-- EXERCISE BRIEF --
Please print the entries below exactly, from the line with "Magic Keyboard je" through the line with "Vendo elegante tavolinetto", including both of those lines and leaving out all others.

-- RECORDS FOR THIS TASK --
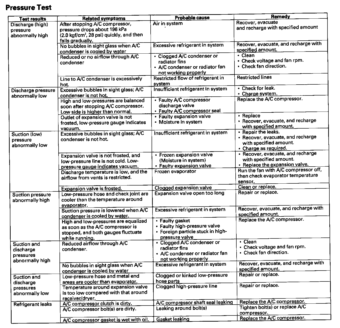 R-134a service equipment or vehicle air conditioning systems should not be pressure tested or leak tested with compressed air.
* * *
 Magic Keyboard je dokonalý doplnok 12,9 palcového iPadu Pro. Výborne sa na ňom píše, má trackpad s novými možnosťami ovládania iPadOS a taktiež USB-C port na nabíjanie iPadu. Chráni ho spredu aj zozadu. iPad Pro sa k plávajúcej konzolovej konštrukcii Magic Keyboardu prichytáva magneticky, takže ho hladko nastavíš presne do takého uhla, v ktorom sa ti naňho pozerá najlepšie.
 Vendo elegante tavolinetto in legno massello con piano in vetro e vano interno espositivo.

-- ANSWER TO THIS EXERCISE --
 Magic Keyboard je dokonalý doplnok 12,9 palcového iPadu Pro. Výborne sa na ňom píše, má trackpad s novými možnosťami ovládania iPadOS a taktiež USB-C port na nabíjanie iPadu. Chráni ho spredu aj zozadu. iPad Pro sa k plávajúcej konzolovej konštrukcii Magic Keyboardu prichytáva magneticky, takže ho hladko nastavíš presne do takého uhla, v ktorom sa ti naňho pozerá najlepšie.
 Vendo elegante tavolinetto in legno massello con piano in vetro e vano interno espositivo.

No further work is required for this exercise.